Kryo and Externalizer4J are a great match. Even though Kryo serialization offers fast, zero-effort serialization already, in combination with Externalizer4J you can squeeze even better performance out of Kryo.
Kryo and Externalizer4J
How can Externalizer4J make Kryo even faster? Kryo already has fast Serializers, efficient IO and ASM based code generation all in one. How can Externalizer4J improve upon that!?!
What Externalizer4J does when optimizing for Kryo in a nutshell
Externalizer4J optimizes Kryo serialization using Kryo’s own KryoSerializable interface. If you never heard of KryoSerializable before you can think of it like Kryo’s equivalent of the JDK’s Externalizable interface. It allows classes to implement their own serialization logic directly instead of using a separate Serializer implementation.
Kryo performance can be optimized by creating a KryoSerializable implementation for each class. And that’s what Externalizer4J does. It first analyzes the bytecode of each individual class as well as the whole class hierarchy. Based on that it generates an optimized KryoSerializable implementation for each class. Existing class files get modified and the methods of the KryoSerializable interface are generated in bytecode directly.
See the benefits? You get optimized serialization with no additional coding on your part. No extra dependency since we use Kryo’s own API calls.
KryoSerializable generation vs Kryo FieldSerializer
But wait a minute! Kryo already has the FieldSerializer which generates a class specific Serializer at runtime. And it uses code generation too, still at runtime, to obtain the best performance. How does that differ from the generation of KryoSerializable offered by Externalizer4J?

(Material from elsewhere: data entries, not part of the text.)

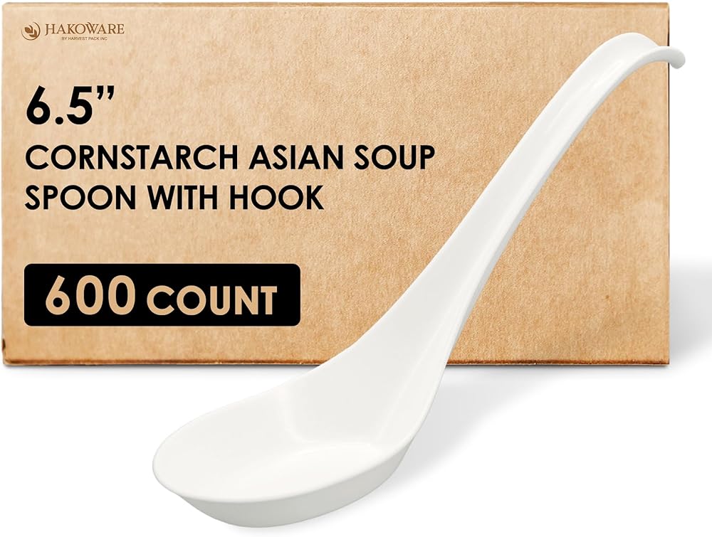 [600 قطعة] ملاعق شوربة آسيوية كبيرة للاستعمال مرة واحدة من هاكووير مع خطاف، مصنوعة من نشا الذرة المتبلور، لنودلز رامين فو، أدوات للاستعمال مرة واحدة، حجم كبير ومتين
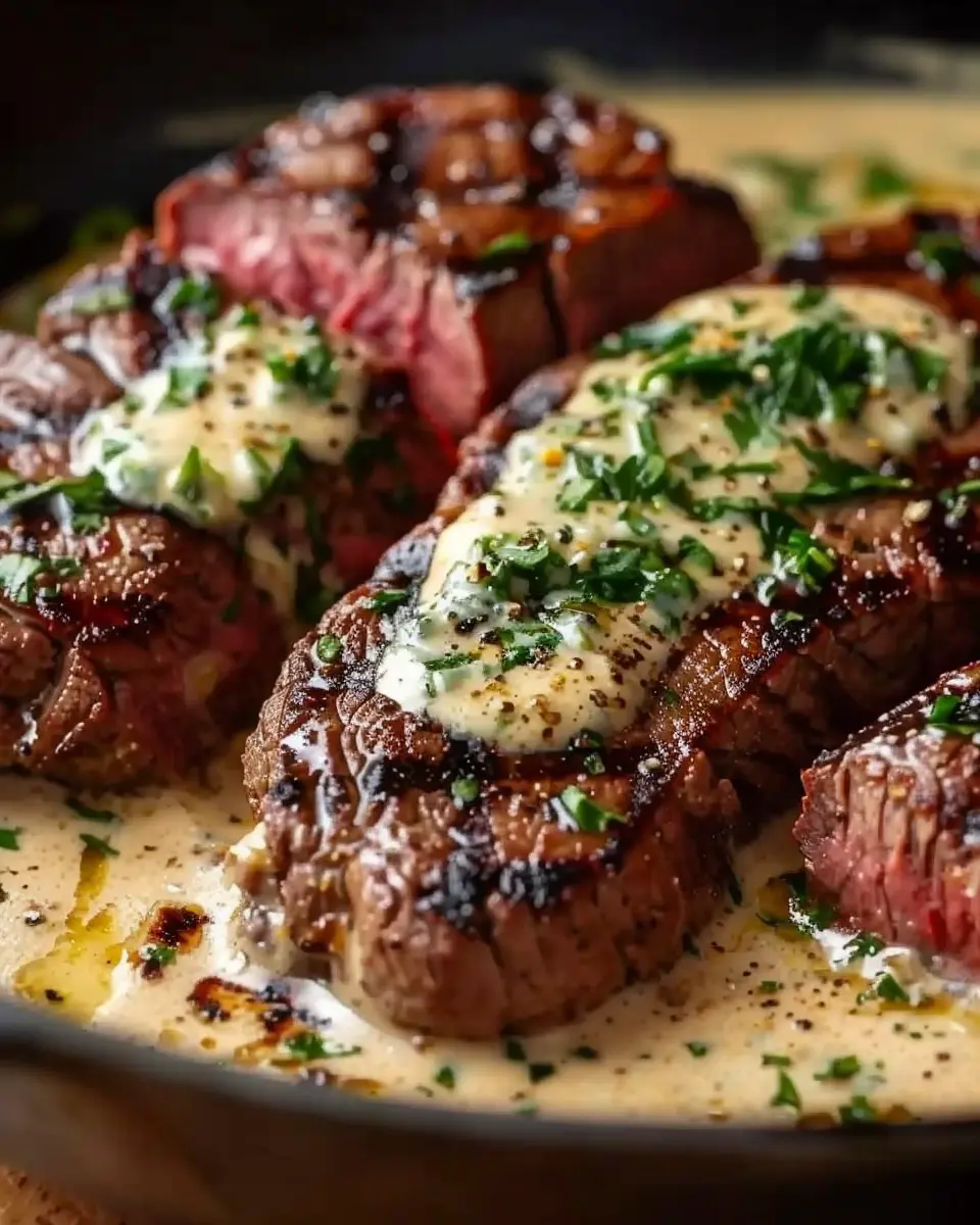 Keywords: Garlic Butter Steak, Parmesan Cream Sauce, Easy Recipes
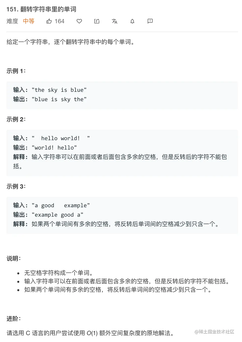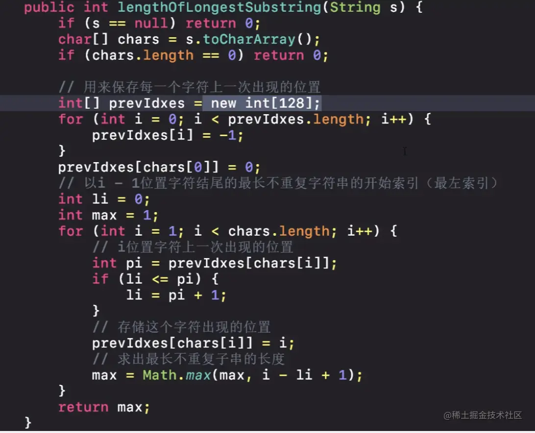小码哥《恋上数据结构与算法第三季》笔记(六):百度、阿里、腾讯、京东等面试题01 逍遥归来 2020-05-07 973 阅读1分钟 我的Github地址 小码哥《恋上数据结构与算法》笔记 极客时间《iOS开发高手课》笔记 iOS大厂面试高频算法题总结 iOS面试资料汇总 第一题:151. 翻转字符串里的单词 一、题目描述 二、思路 首先消除字符串中多余空格。 通过i指针扫码,通过cur指针标示可以放字符的地方。 然后将字符串逆序,然后再对每个单词逆序。 三、代码实现 第二题:3. 无重复字符的最长子串 一、题目描述 二、思路 获取每一个字符最长无重复子串,最大值即为答案。 三、代码实现 动态规划题目...
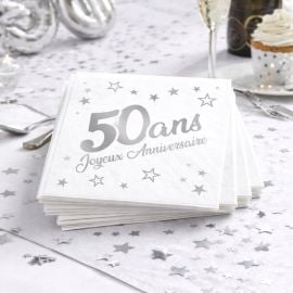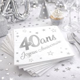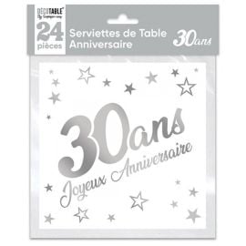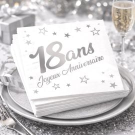 Les serviettes en papier joyeux anniversaire sont proposées en sachet de 24 avec une dimensions de 33 x 33 3 plis et de couleur Argent
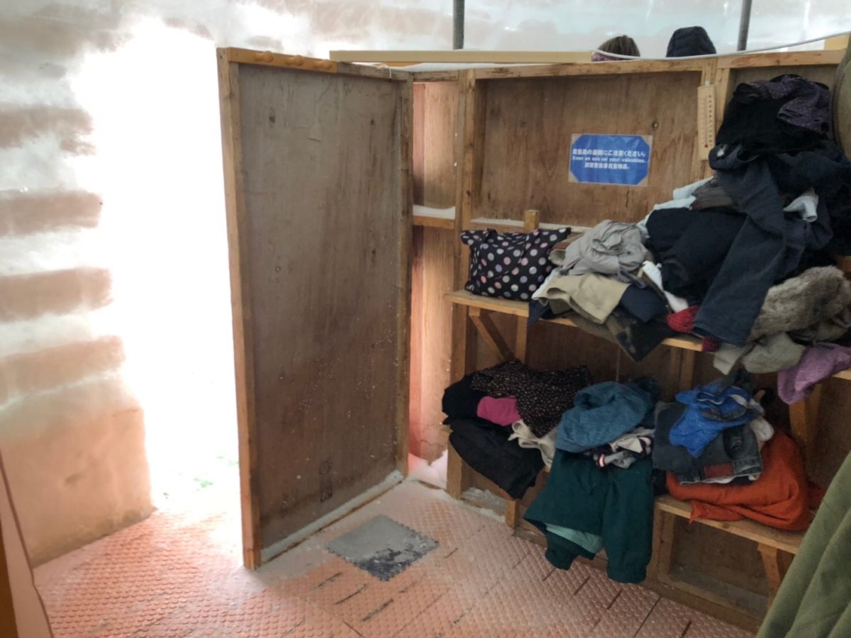 入り口で靴を脱ぎます。脱衣所にはマットが引いてありますが、凍っているため靴下が濡れてしまいます。靴下の替えは必ずもって行きましょう!
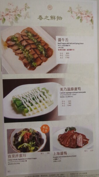 部份菜單

Indeed the KryoSerializable implementations generated by Externalizer4J are very similar to what the FieldSerializer does. Of course the code is generated at compile time and not at runtime. But that makes little difference. The actual difference is the analysis used by Externalizer4J prior to the actual bytecode generation. Knowledge about the actual types and interdependencies makes it possible to use the most efficient method offered by the Kryo API. The FieldSerializer on the other hand relies on more general purpose calls.
Examples and results
Time to take a look at some results obtained using these optimizations. To do that we use a small JMH based benchmark. We serialized the classes using Kryo and later on did the same again after having optimized these same classes. Before looking at the class we illustrate the main points of the JMH benchmark setup shown in the image below. In the kryoSerDeser method a Kryo instance is used to serialized and deserialize our objects. After each benchmark iteration we reset() the Kryo instance to avoid overflowing the intermediate buffer (a simple array of bytes).
The class we used in the benchmark can be found below, click on the image to see the actual code. The main points are:
- ChildData which extends ParentData
- the text book Order class which contains a List of OrderLine items.
Kryo 23% to 41% faster
The chart below compares the relative combined serialization and deserialization speed. The blue bars represent the reference speed, the speed obtained using Kryo. The red values represent the speed obtained with the same Kryo library and setup but now using the KryoSerializable implementation generated by Externalizer4J for each class.
Comparing the speed of Kryo with that of Kryo and Externalizer4J together. Using the KryoSerializable implementation to Kryo performance improves from 23% to 41% dependings on the class.
The examples above show that by using Kryo’s own API to the fullest Externalizer4J is able to optimize performance even further. And all this without any hand written code!